He looked up from his notecards, straight into a single green eye of the jolliest looking leprechaun he had ever seen, lounging in a bright green suit in front of a pot of gold. The decal was peeling off the bus’s window due to the ice so that the other eye, gray on the back of the decal, hung down over the leprechaun’s face, giving it an oddly mismatched look. The bus lumbered on down past a green sign, Lake Drive. Jack and he were close. Maybe this great green bus was a leprechaun taking Benjamin to his pot of gold.
The bus hit a snowbank, and Benjamin dropped some of his notecards. He got up. The bus stopped suddenly, and he fell over onto the floor. The door opened, blowing the notecards all over. Benjamin swore, lifting himself up while brushing his black dress pants. His hand stuck to a pant leg. He extracted a piece of gray gum from them. Jack retched beside him.
“Hey! Don’t throw up in the bus!” He scooted away from a slightly older than he but still young fellow in a tattered bright green suit and scrambled to pick up the notecards. “Did you have to drink at every bar still open in Milwaukee?” Benjamin asked as he tried in vain to get the last vestiges of the gum off his pants.
“Yes.” Jack readjusted his mask.
“Don’t be smart with me brother mine.”
“Oh, come on. It’s the day for drinking, isn’t it?”
Benjamin, stuffing the notecards into the pocket of his white button up shirt, looked at the leprechaun decal then back at his brother then back again. It was an uncanny resemblance.

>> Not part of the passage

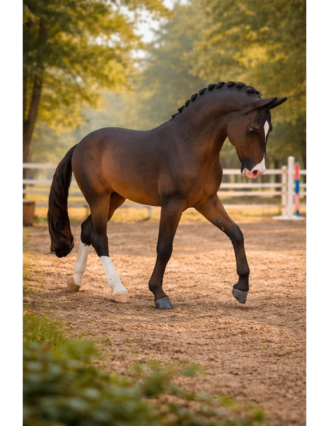 La crinière tressée, le trot rassemblé, la robe bai brun : une figurine qui parle directement à ceux qui fréquentent les carrières de compétition.

“I can’t believe you wore that. I told you to wear something respectable. It’s my first year. College is hard, and I want to impress these people. They’re rich. Filthy rich. I’m wearing my best clothes. It looks like you picked up that suit at a Goodwill.”
“I did. Specially for today and your little party. It’s the day for green things little Ben, green things and drinking. Lighten up. We are going to a St. Patrick’s Day celebration after all.”

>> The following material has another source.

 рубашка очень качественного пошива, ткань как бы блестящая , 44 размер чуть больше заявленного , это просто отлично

“No. It’s an Anti-St. Patrick’s Day celebration. I told you! We are going to discuss real Irish history and celebrate actual Irish voices. I met these guys in an Irish English class for God’s sake!”

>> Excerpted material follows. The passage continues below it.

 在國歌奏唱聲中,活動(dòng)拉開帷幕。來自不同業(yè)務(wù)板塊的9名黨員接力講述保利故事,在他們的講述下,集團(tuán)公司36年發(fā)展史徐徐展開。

Benjamin imagined a large living room done up in red with a roaring fireplace at its center. Students, of all colors and creeds, gathered around with books open, each waiting expectantly for their turn to speak. Of course, they would all get a turn to speak. Every voice would be heard.
“Don’t take the lord’s name in vain as Mom would say. What is Irish English? And I can still do that in a green suit.” Jack crossed his arms indigently. Benjamin rubbed his face with a hand. Jack took the lord’s name in vain all the time. He was an atheist but expected Benjamin to be like their mother, married to the church! Benjamin went to church with his mother every Sunday. Jack never went.
“Does Irish voices include us?” Jack asked.
“No!”
“Why not? We are like a third Irish.”
“No!”
“Right… we are never included. All we get to do is watch.”
Jack straightened, looking at Benjamin. He cocked his head playfully. Sometimes he acted just like a little child. He wasn’t stupid. He read a lot. He was the reason Benjamin started reading so much. He could be gold. Benjamin guessed that was what a lack of a proper education, a lack of a proper teacher at an institution of higher education did to people. It made them fools. Fool’s gold.
“Do you have to embarrass me and drink yourself to death like Dad?” Benjamin asked.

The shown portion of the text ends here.